- What you are asked to do
From the line with "امتحان فرنساوي اولى" to the line with "[영상핏]더블유 밴딩스판 여름부츠컷슬랙스", retype each line exactly as it stands in the records below, but skip the pictures.

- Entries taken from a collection
================================
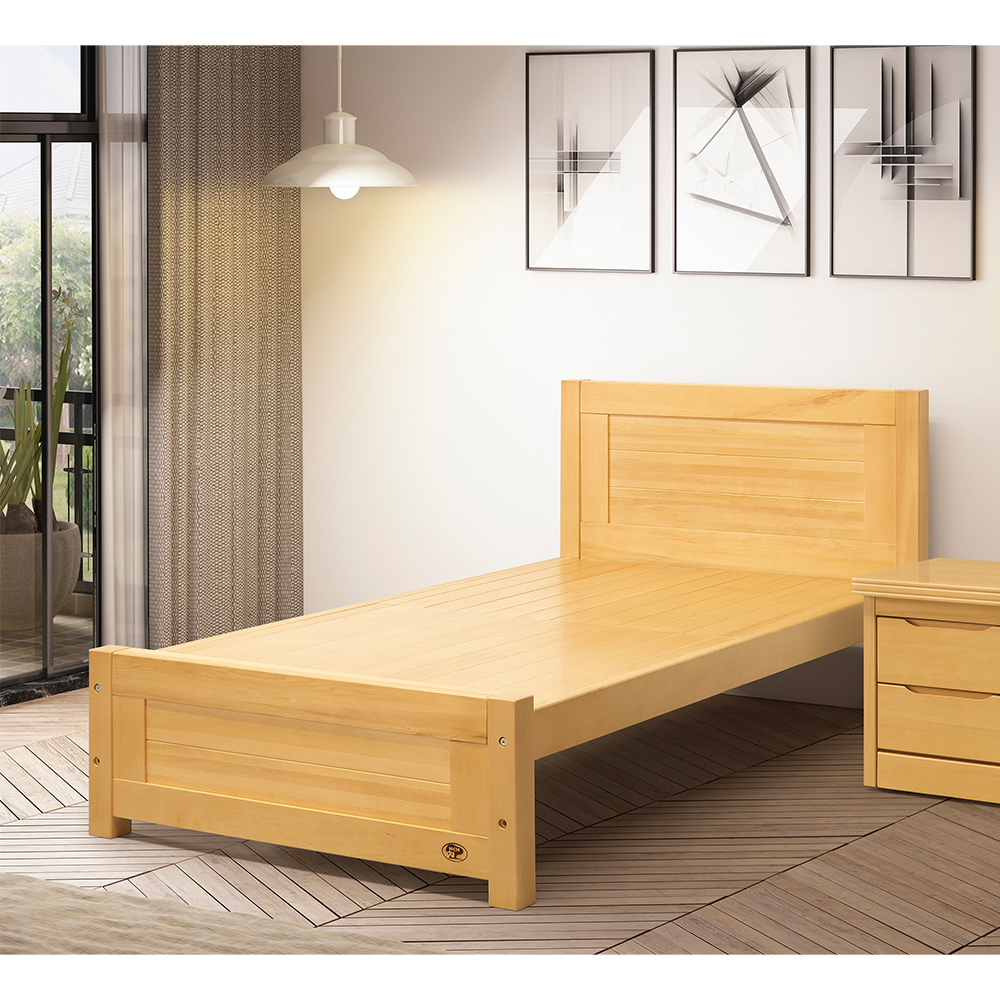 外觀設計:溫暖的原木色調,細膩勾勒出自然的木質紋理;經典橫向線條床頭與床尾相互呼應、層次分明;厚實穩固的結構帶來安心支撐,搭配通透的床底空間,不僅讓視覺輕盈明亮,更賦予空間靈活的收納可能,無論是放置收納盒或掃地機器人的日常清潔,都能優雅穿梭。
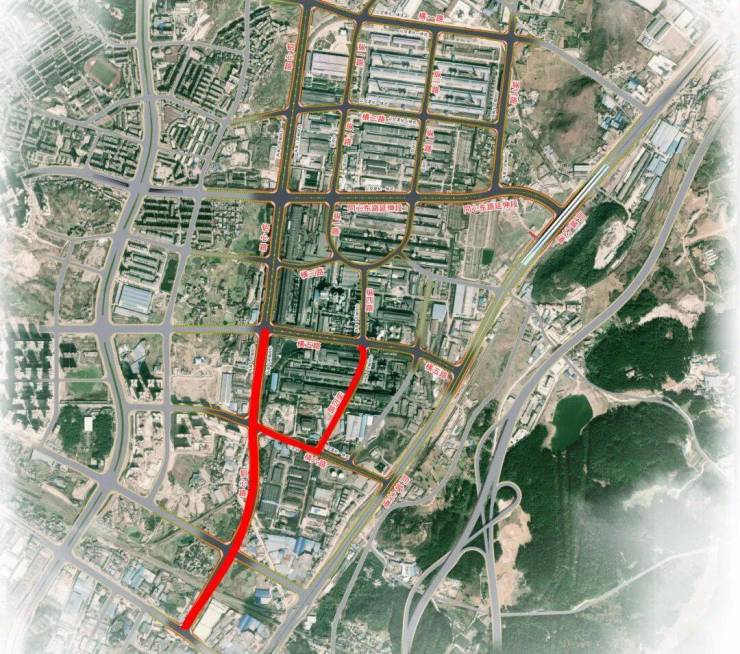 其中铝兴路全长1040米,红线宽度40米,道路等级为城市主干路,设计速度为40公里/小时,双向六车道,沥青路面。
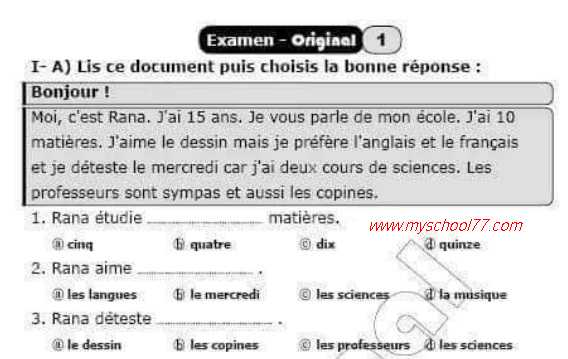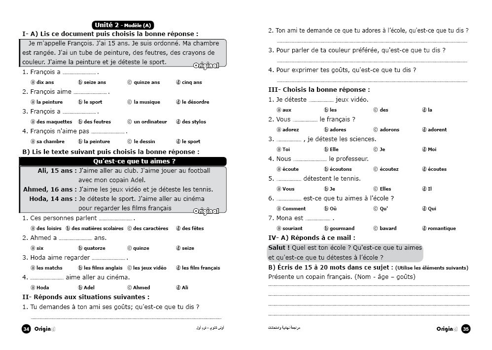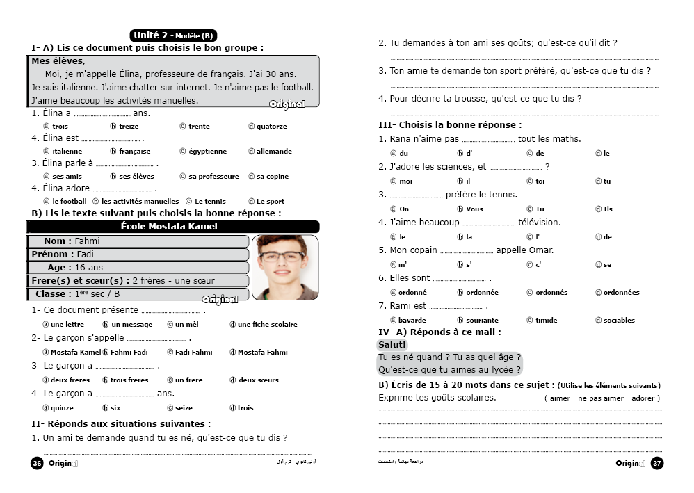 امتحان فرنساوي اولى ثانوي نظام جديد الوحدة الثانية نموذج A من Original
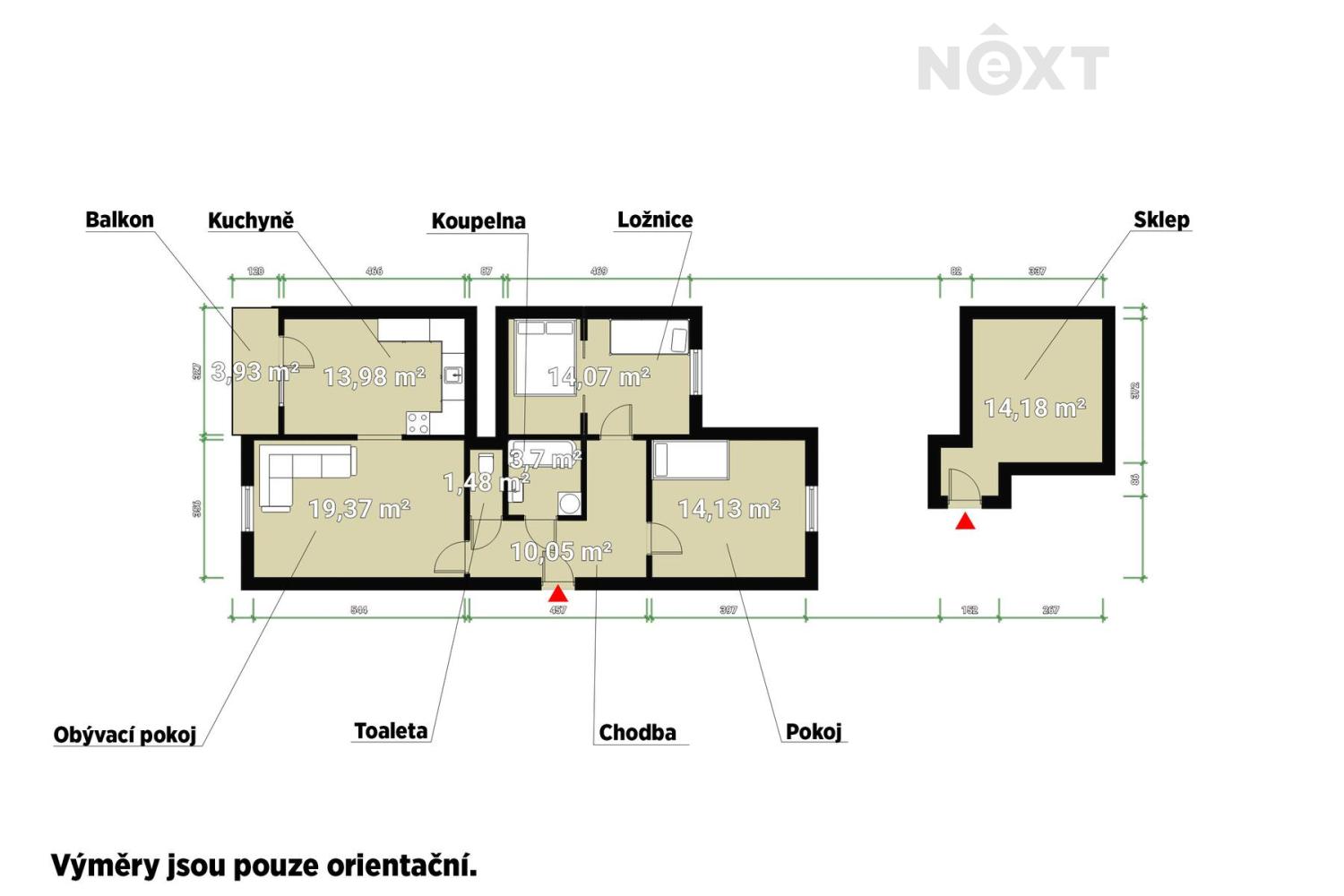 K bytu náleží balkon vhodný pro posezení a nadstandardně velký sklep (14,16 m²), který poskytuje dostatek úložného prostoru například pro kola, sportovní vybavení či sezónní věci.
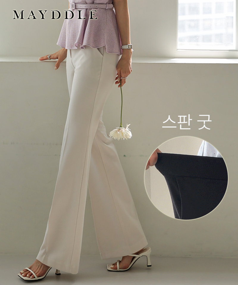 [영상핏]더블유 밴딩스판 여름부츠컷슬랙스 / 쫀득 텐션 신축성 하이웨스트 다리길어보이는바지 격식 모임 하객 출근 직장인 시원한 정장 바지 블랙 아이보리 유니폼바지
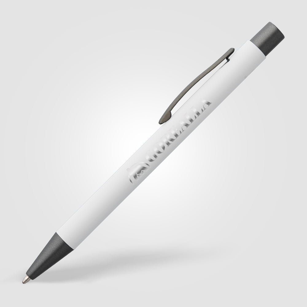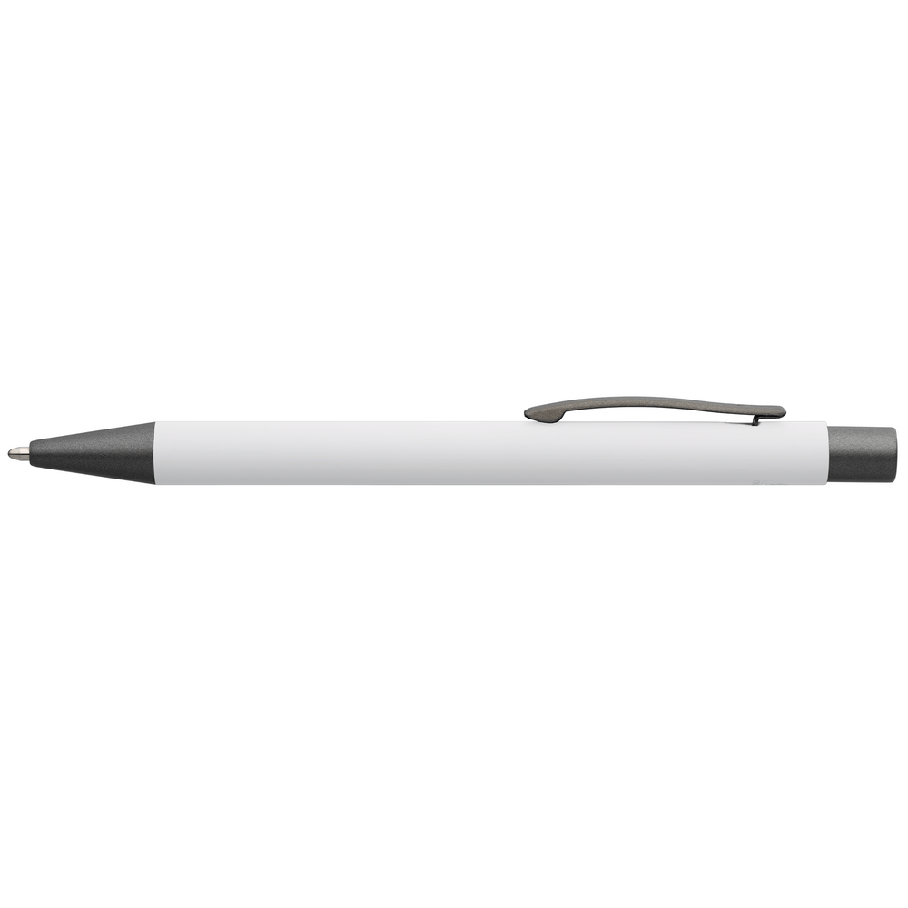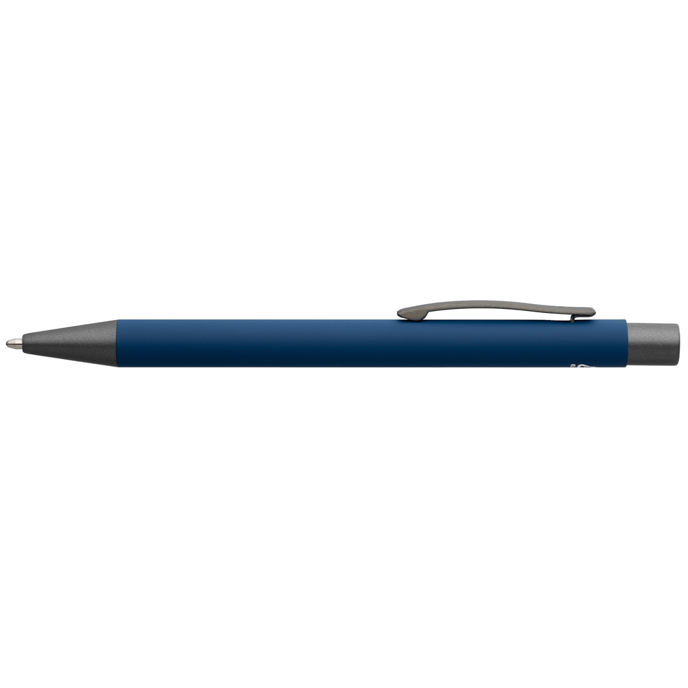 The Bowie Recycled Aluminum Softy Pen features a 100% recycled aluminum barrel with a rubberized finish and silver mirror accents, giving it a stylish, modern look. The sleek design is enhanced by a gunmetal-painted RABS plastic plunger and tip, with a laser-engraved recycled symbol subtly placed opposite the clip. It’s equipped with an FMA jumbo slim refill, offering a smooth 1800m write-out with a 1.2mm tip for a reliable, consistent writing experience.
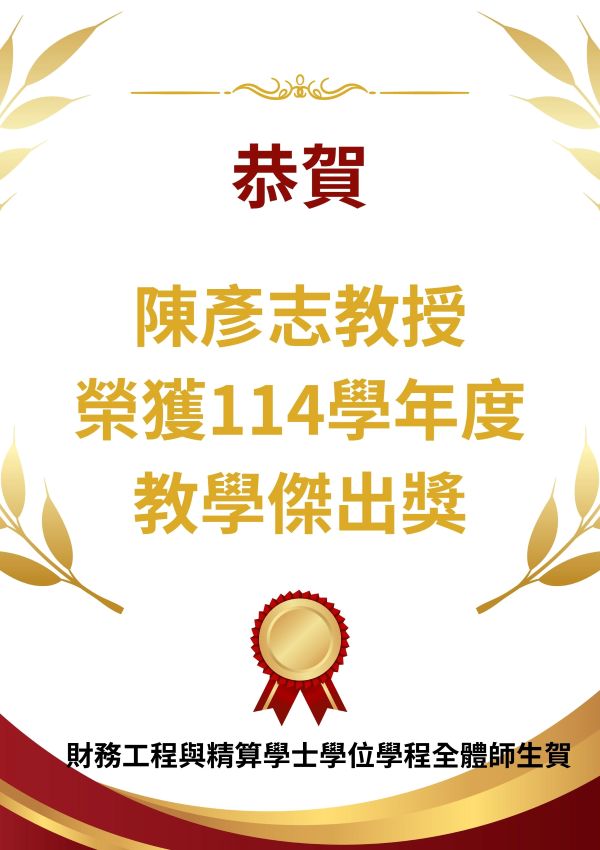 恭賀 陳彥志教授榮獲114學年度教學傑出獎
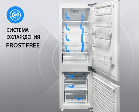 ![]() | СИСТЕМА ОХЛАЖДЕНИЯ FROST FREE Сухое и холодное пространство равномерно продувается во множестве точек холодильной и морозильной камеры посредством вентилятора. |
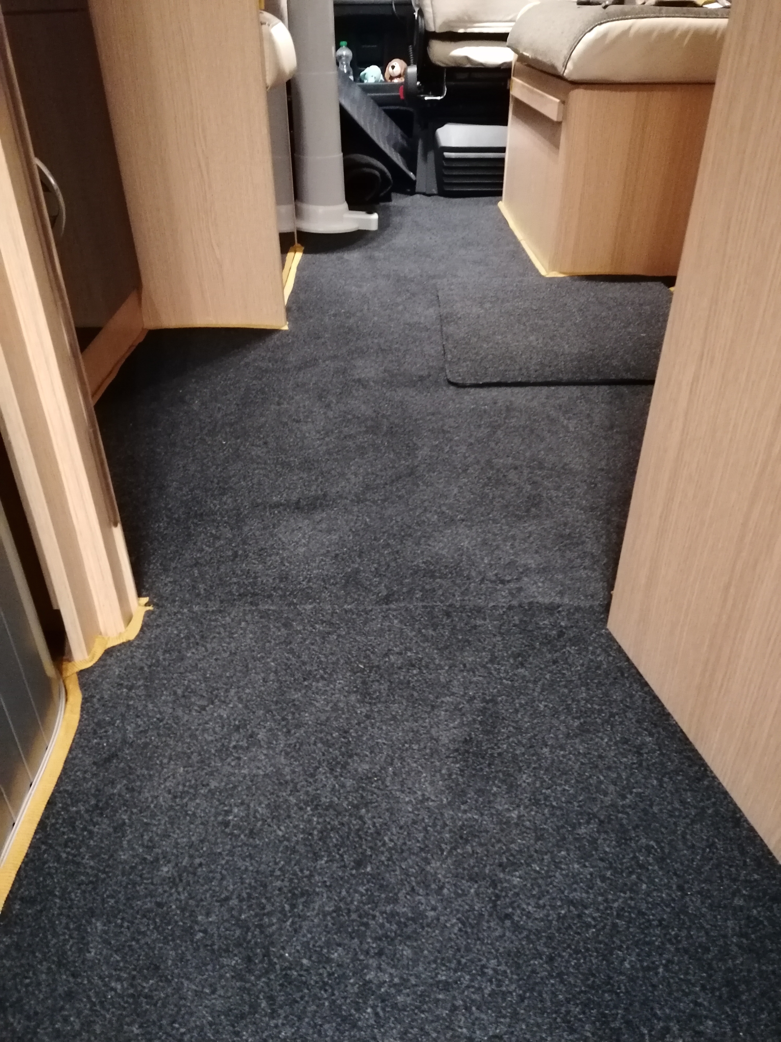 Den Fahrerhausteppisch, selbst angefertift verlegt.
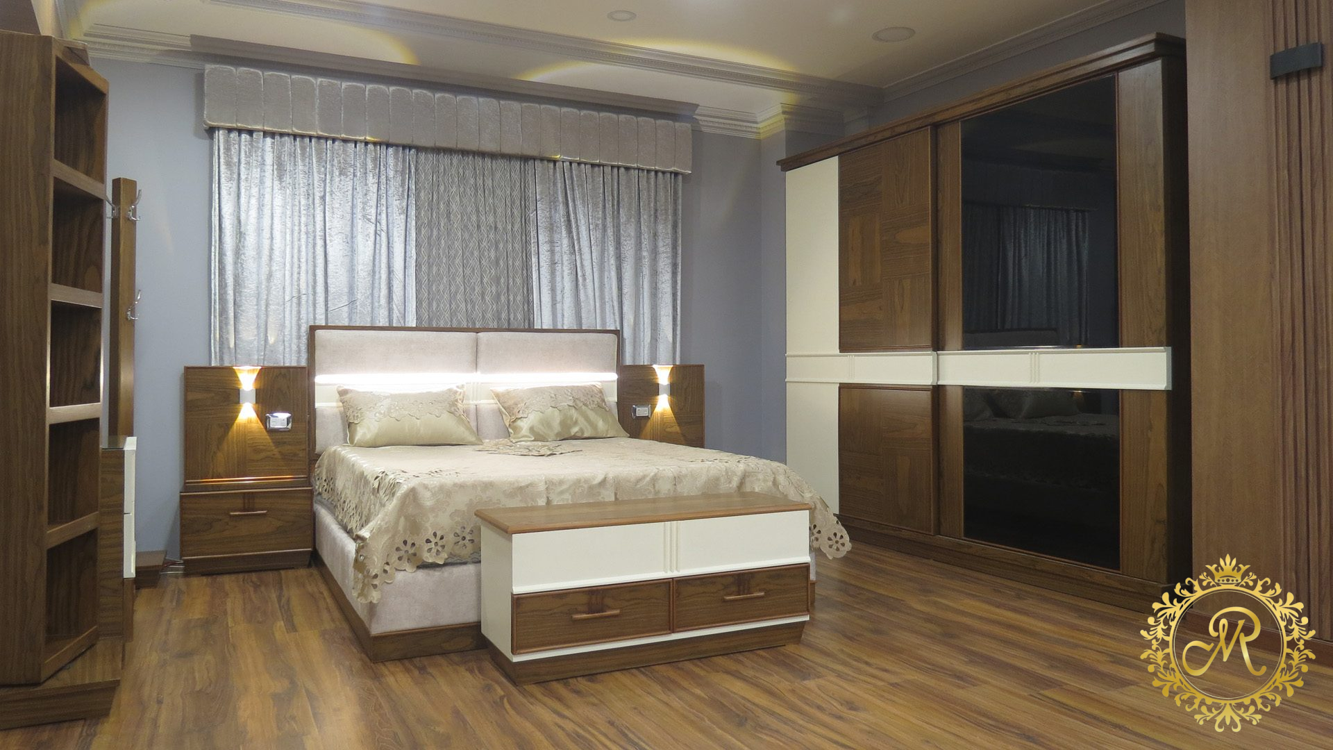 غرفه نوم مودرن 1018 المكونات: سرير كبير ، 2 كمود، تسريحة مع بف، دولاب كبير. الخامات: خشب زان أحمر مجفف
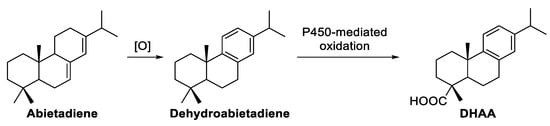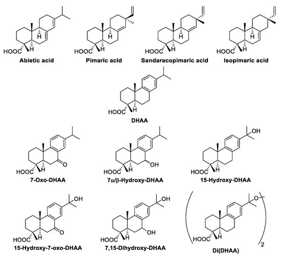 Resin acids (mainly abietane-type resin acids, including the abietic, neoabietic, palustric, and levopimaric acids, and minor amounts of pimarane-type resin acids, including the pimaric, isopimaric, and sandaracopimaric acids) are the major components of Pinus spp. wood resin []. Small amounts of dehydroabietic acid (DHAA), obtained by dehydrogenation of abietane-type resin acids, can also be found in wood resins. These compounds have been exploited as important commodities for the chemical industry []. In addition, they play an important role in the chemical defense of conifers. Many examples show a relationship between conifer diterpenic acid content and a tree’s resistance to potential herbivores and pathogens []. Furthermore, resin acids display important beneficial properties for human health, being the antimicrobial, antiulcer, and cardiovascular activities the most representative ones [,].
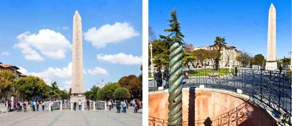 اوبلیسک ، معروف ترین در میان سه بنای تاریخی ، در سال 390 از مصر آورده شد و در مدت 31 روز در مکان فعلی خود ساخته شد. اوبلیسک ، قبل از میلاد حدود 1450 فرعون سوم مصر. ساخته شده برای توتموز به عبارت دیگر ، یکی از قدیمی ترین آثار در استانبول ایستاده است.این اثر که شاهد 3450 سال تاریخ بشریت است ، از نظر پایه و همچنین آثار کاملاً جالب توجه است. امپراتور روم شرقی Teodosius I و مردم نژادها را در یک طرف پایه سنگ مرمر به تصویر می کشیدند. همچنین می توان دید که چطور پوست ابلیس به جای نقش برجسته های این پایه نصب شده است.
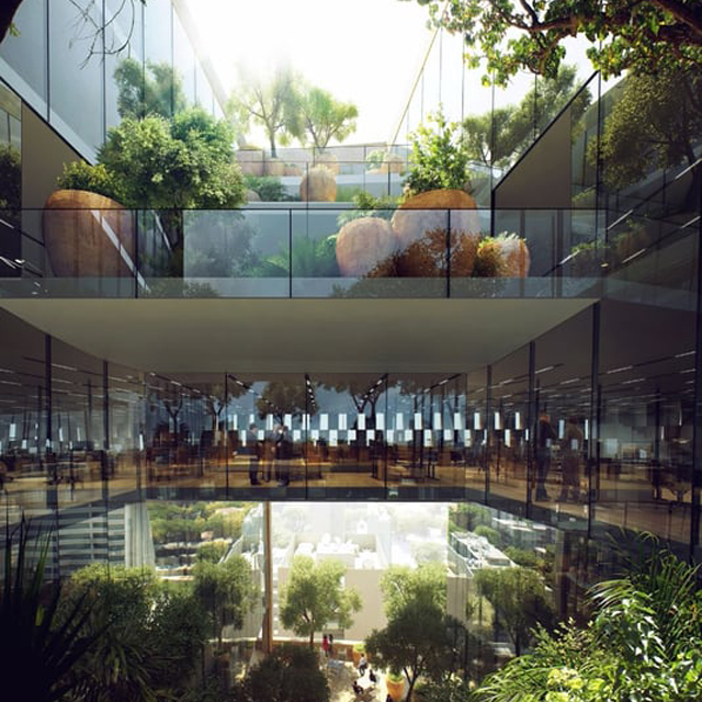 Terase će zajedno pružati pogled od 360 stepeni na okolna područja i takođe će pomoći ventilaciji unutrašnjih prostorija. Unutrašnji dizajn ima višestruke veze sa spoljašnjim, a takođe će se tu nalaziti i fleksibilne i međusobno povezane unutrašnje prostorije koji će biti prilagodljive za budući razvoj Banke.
================================
- Output of the exercise
 امتحان فرنساوي اولى ثانوي نظام جديد الوحدة الثانية نموذج A من Original
 K bytu náleží balkon vhodný pro posezení a nadstandardně velký sklep (14,16 m²), který poskytuje dostatek úložného prostoru například pro kola, sportovní vybavení či sezónní věci.
 [영상핏]더블유 밴딩스판 여름부츠컷슬랙스 / 쫀득 텐션 신축성 하이웨스트 다리길어보이는바지 격식 모임 하객 출근 직장인 시원한 정장 바지 블랙 아이보리 유니폼바지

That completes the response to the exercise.